## Exercise prompt
Your task is to print all of the data below exactly, with no pictures included.

Dataset records
*** Block opens ***

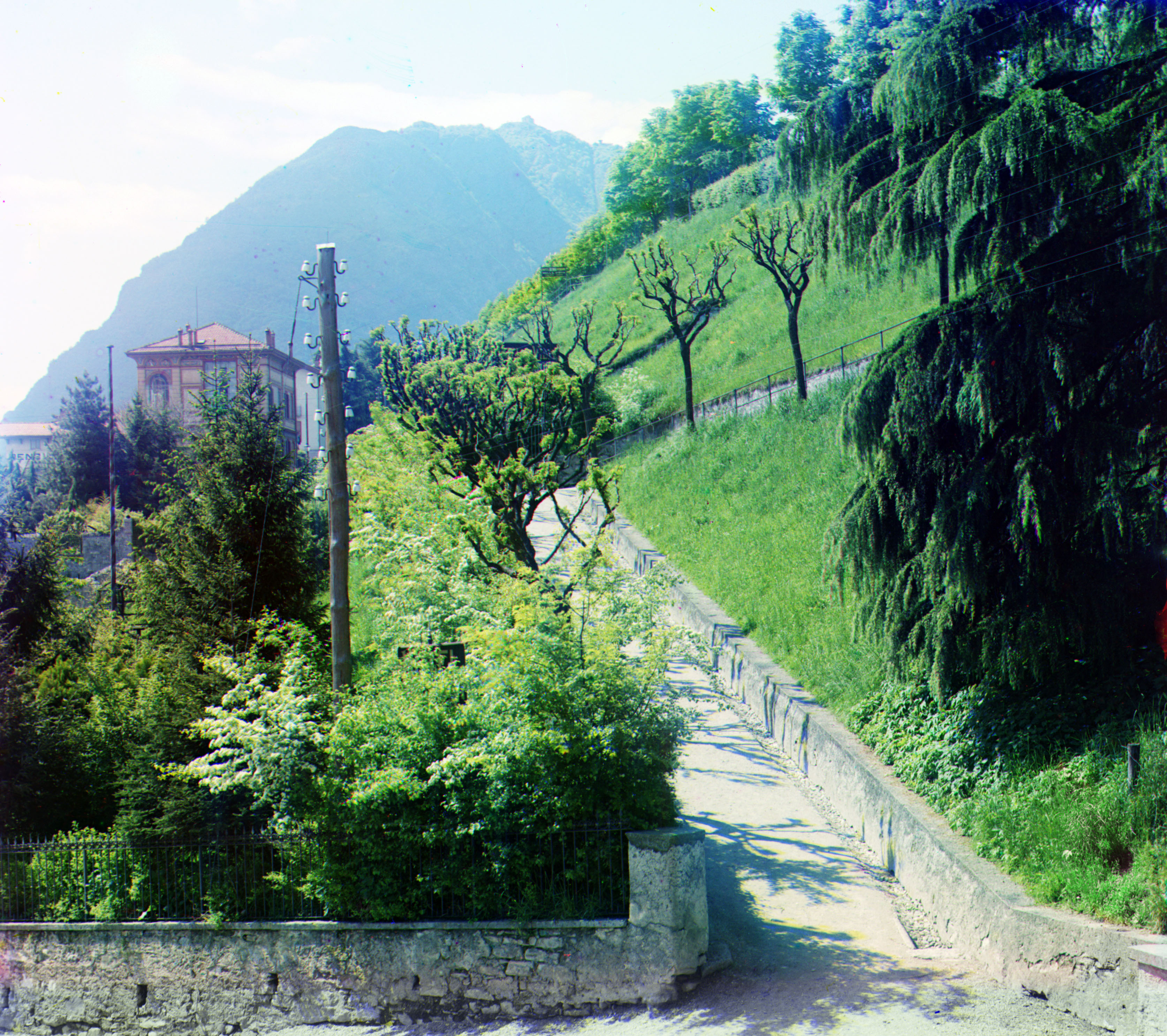 On the island of Capri
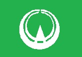 Flag of Tateshina Nagano
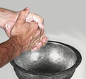 Handwashing for the nocturnal ritual of purification
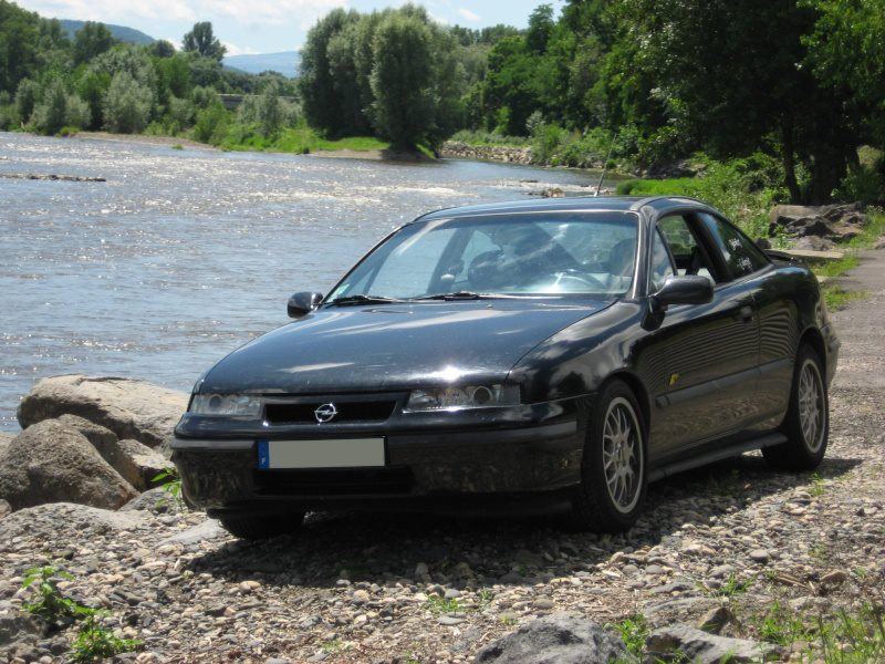 calibra team
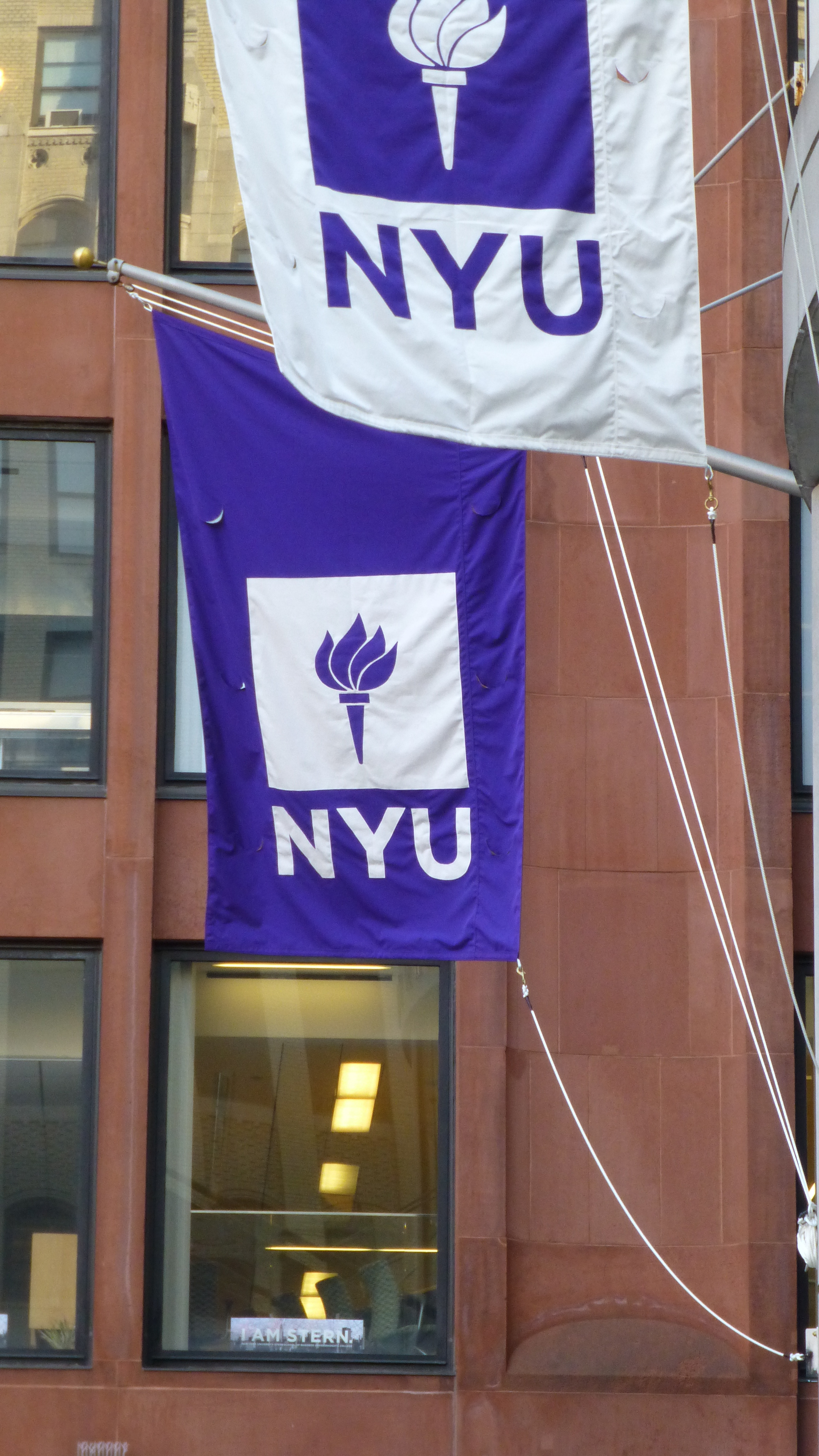 New York University

*** Block closes ***

## Task output
 On the island of Capri
 Flag of Tateshina Nagano
 Handwashing for the nocturnal ritual of purification
 calibra team
 New York University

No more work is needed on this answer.